L’Indian Way de Dorothée Sausset

Dans la famille des créatrices de bijoux, Dorothée Sausset appartient à la catégorie des « Aventurières » et rien que pour ça je l’admire, moi qui n’ai jamais pu m’échapper durablement hors du périphérique parisien.

Elle a roulé sa bosse dans les Caraïbes, à Cuba, en Amérique du Sud, avant de se poser définitivement en Inde pour y faire des bijoux, d’abord pour les autres, et maintenant en son nom.
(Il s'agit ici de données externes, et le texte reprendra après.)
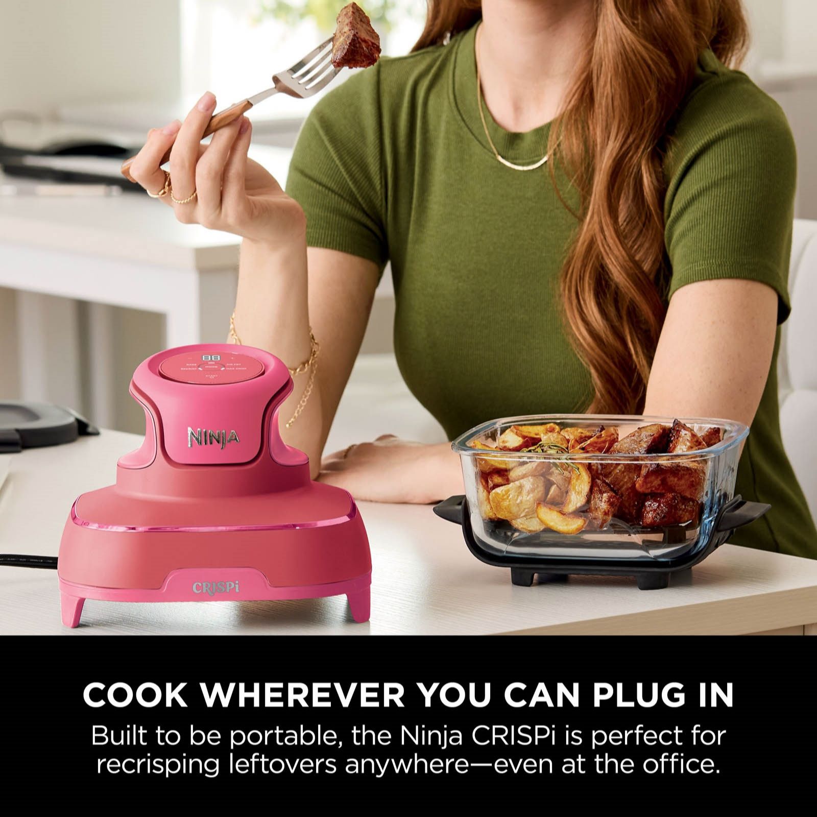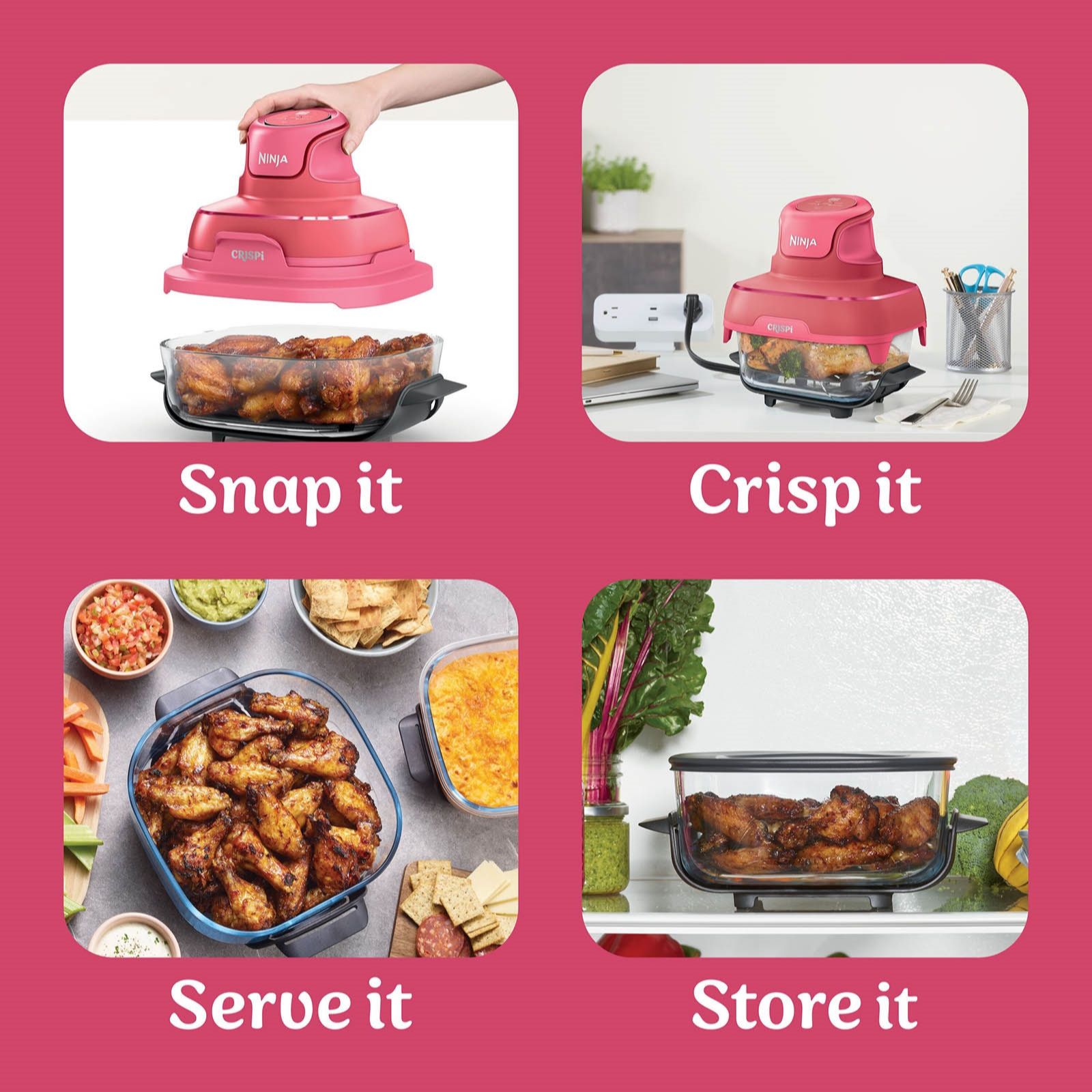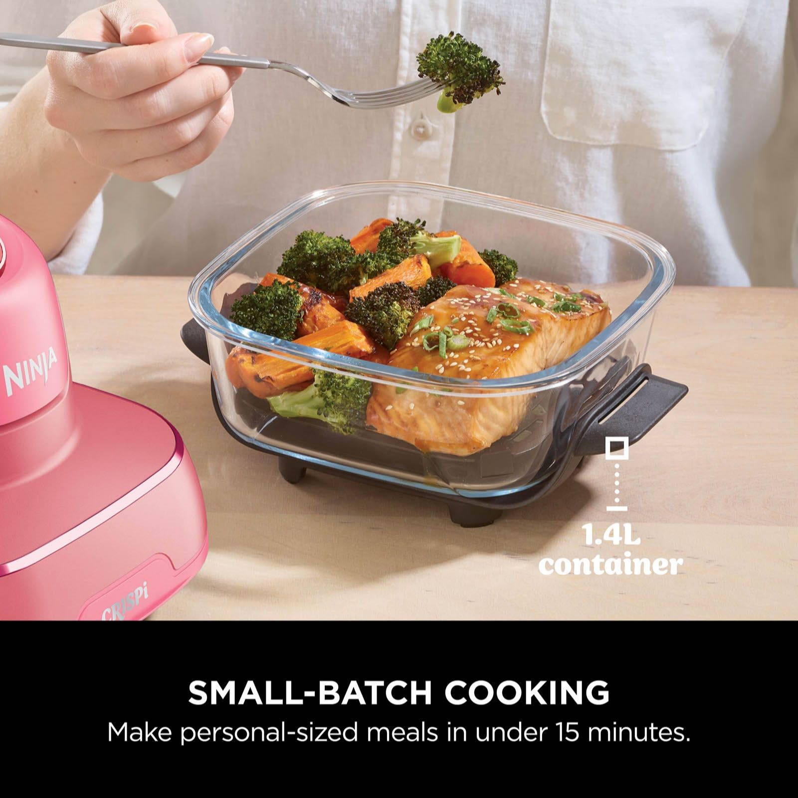 Make cooking fun with the Ninja CRISPi four-in-one portable glass air fryer, combining the power of a full-size air fryer with a compact, colourful and portable design. Simply snap the PowerPod onto one of the thermal shock-resistant glass containers to air fry, roast, keep warm or re-crisp meals. Perfect for family feasts or quick snacks, it helps reduce energy use and food waste while letting you prep, cook, serve and store all in one stylish unit.

J’ai repéré son compte Instagram parce que j’y ai tout de suite reconnu l’Inde, ses couleurs éclatantes, sa lumière magique, ses paysages somptueux, ses effluves de jasmin et ses lieux sacrés. Moi qui ne suis pas du tout branchée ni yoga, ni méditation, ni talisman, ni bijoux ethniques, j’ai tout de suite adoré le compte de Dorothée, parce que ses bijoux sont ravissants, mais surtout parce que tout m’apparaissait authentique, sincère, dénué de ce folklore factice qui fait le lit des gourous New Age à la mode et des créatrices qui se mettent dans ce sillage juteux.Je l’ai déjà dit mais là je le clame, cette mouvance de pensée positive qui prêche le bien-être H 24 à longueur de vidéos sur les réseaux sociaux et qui pille sans vergogne les préceptes de croyances ancestrales me provoque un prurit. J’ai d’ailleurs moi-même failli succomber aux chants des sirènes d’un coach particulièrement convaincant promu par une charmante influenceuse de la sphère yoga. Il me proposait de reprogrammer mon cerveau sur un mode Winner, c’était très tentant pour une apôtre du self-bashing. Quand il m’a annoncé ses conditions financières, j’ai compris que le lavage de cerveau avait déjà commencé, et je me suis réveillée in-extrémis pour éviter de sombrer dans la secte du bonheur.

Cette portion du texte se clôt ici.